| WHAT THE TASK REQUIRES |
Nothing but the lines from the one containing "SBD 028: Bùng sáng" through the end of the entries below should be set down, each exactly as written.

| SUPPLIED RECORDS |
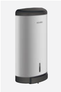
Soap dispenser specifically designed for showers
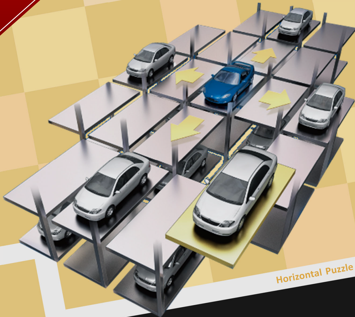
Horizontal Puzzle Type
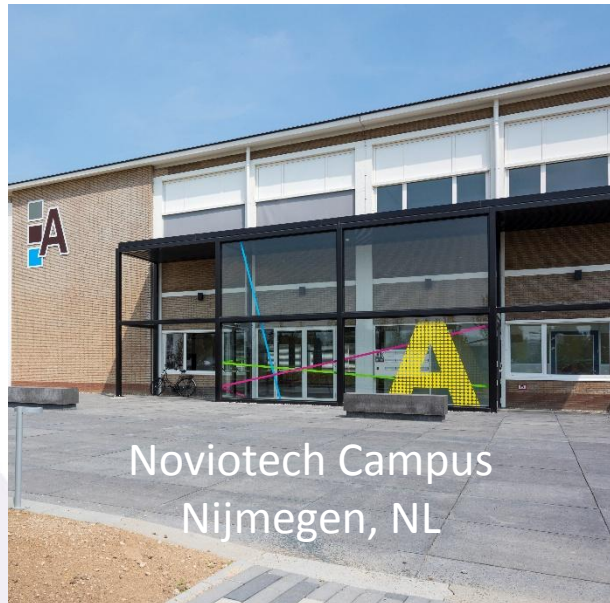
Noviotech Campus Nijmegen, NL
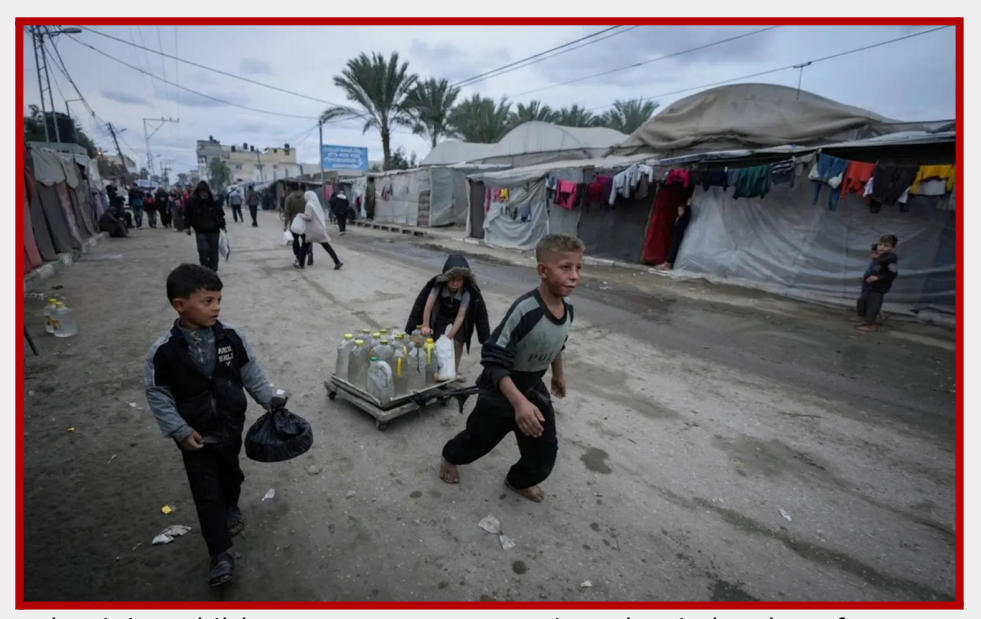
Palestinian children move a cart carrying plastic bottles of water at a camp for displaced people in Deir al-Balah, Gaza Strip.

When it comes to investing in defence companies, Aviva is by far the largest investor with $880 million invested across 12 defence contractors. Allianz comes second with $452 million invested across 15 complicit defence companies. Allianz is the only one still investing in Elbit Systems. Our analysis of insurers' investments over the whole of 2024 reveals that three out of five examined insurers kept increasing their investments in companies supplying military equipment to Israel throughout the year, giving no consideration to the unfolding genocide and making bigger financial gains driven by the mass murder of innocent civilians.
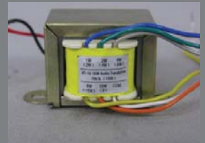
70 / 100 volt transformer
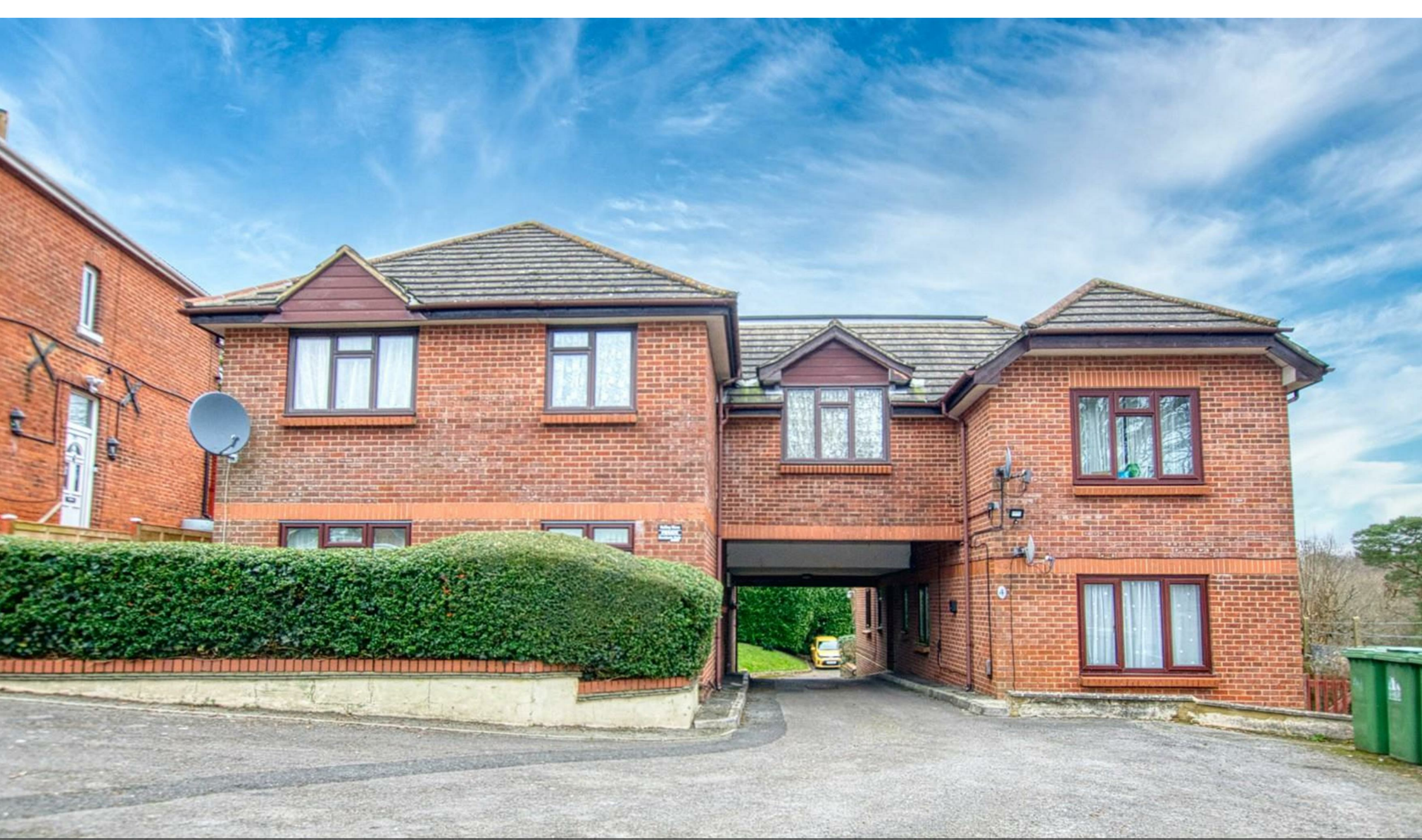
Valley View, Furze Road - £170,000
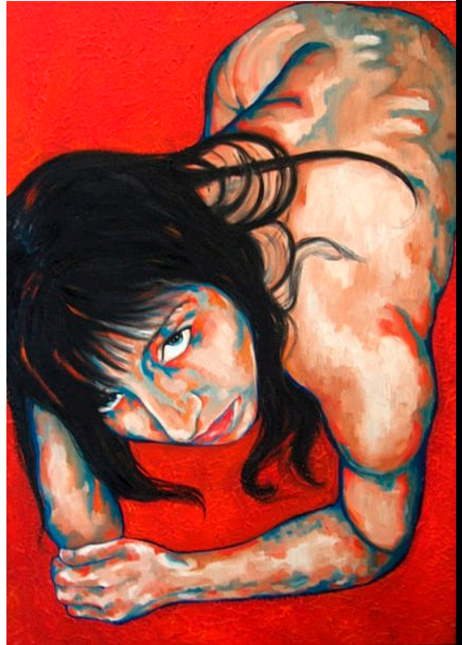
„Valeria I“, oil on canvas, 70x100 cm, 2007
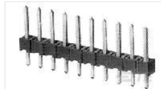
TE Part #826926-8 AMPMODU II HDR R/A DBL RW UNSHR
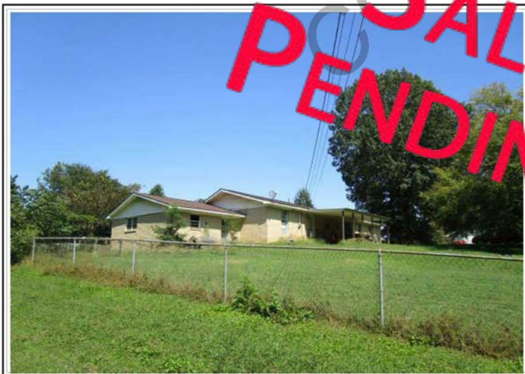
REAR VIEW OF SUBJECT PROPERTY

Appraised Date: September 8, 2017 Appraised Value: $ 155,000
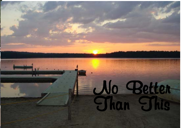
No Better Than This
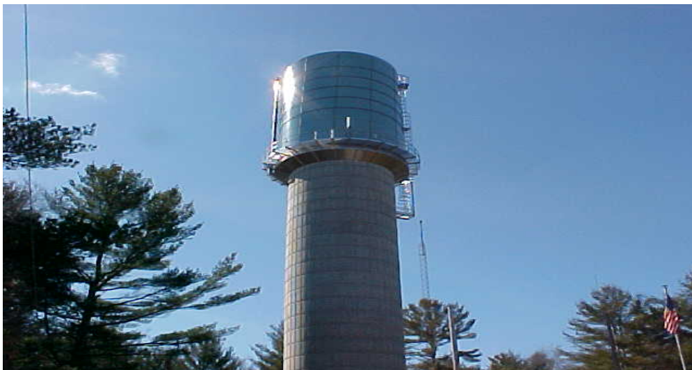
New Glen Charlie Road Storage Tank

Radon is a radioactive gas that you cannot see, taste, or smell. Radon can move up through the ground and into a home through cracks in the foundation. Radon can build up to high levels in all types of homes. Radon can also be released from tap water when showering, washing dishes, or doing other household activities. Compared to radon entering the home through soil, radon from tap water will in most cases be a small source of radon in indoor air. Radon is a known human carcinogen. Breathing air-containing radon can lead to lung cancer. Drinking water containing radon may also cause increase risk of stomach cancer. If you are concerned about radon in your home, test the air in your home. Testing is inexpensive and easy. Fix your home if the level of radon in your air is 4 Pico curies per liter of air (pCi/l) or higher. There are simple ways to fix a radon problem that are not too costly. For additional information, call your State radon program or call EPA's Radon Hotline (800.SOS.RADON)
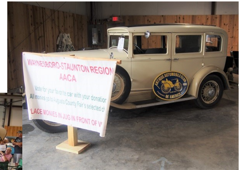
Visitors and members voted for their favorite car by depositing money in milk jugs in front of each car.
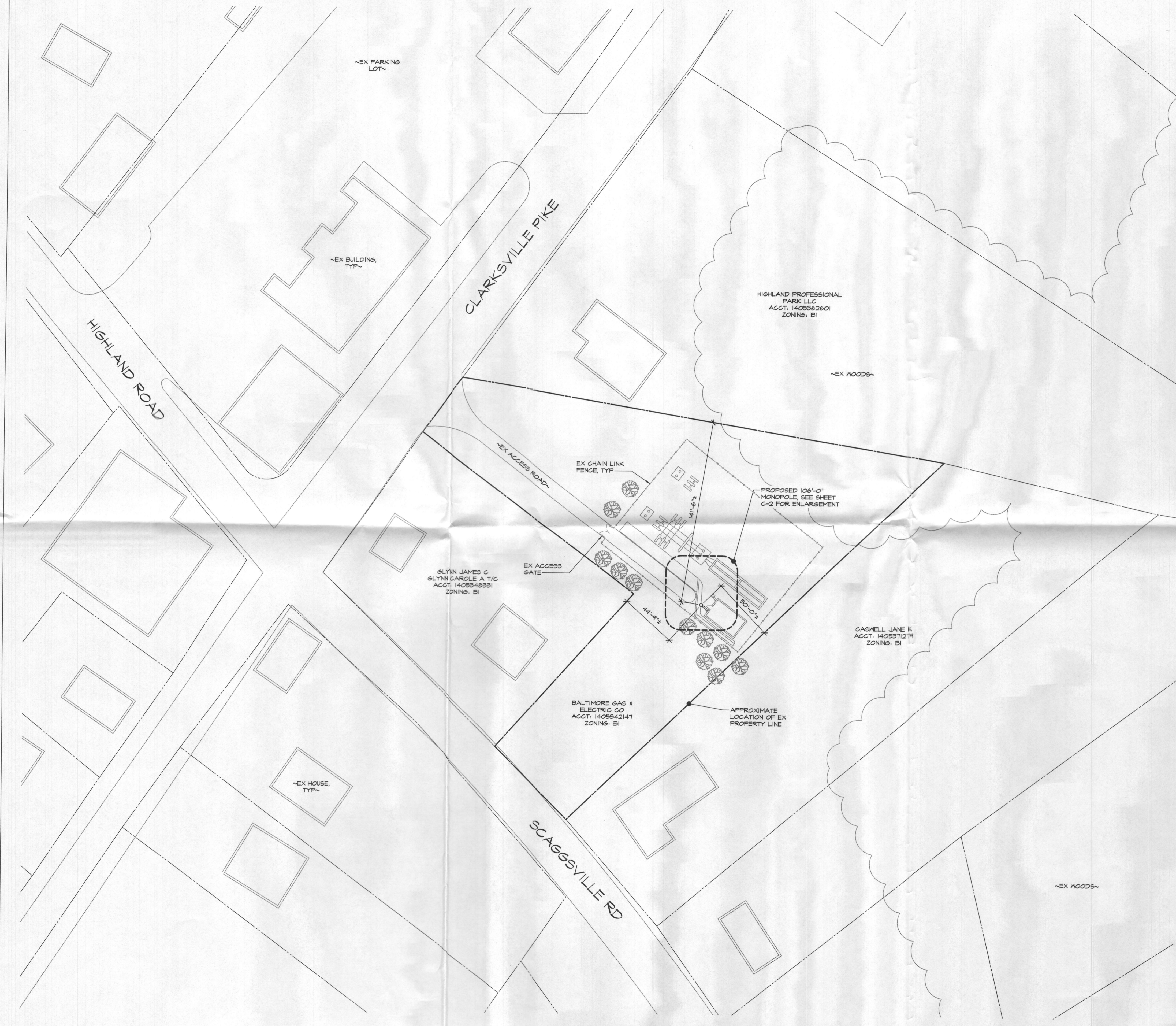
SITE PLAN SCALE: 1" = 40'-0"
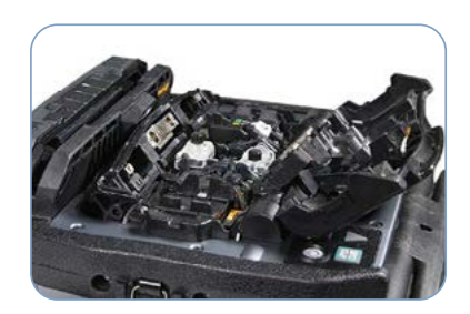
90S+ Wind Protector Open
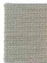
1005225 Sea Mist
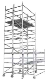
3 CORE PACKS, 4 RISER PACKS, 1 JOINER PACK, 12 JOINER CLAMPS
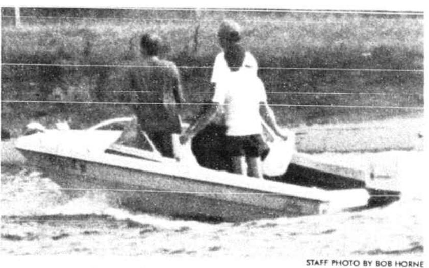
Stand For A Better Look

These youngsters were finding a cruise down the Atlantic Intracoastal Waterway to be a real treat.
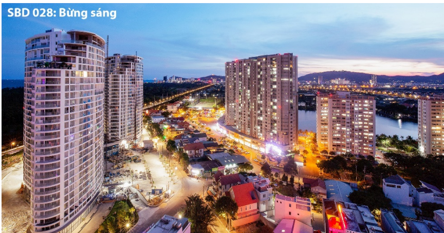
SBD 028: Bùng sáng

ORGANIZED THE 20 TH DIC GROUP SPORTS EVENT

| ANSWER FOR THE TASK |
SBD 028: Bùng sáng

ORGANIZED THE 20 TH DIC GROUP SPORTS EVENT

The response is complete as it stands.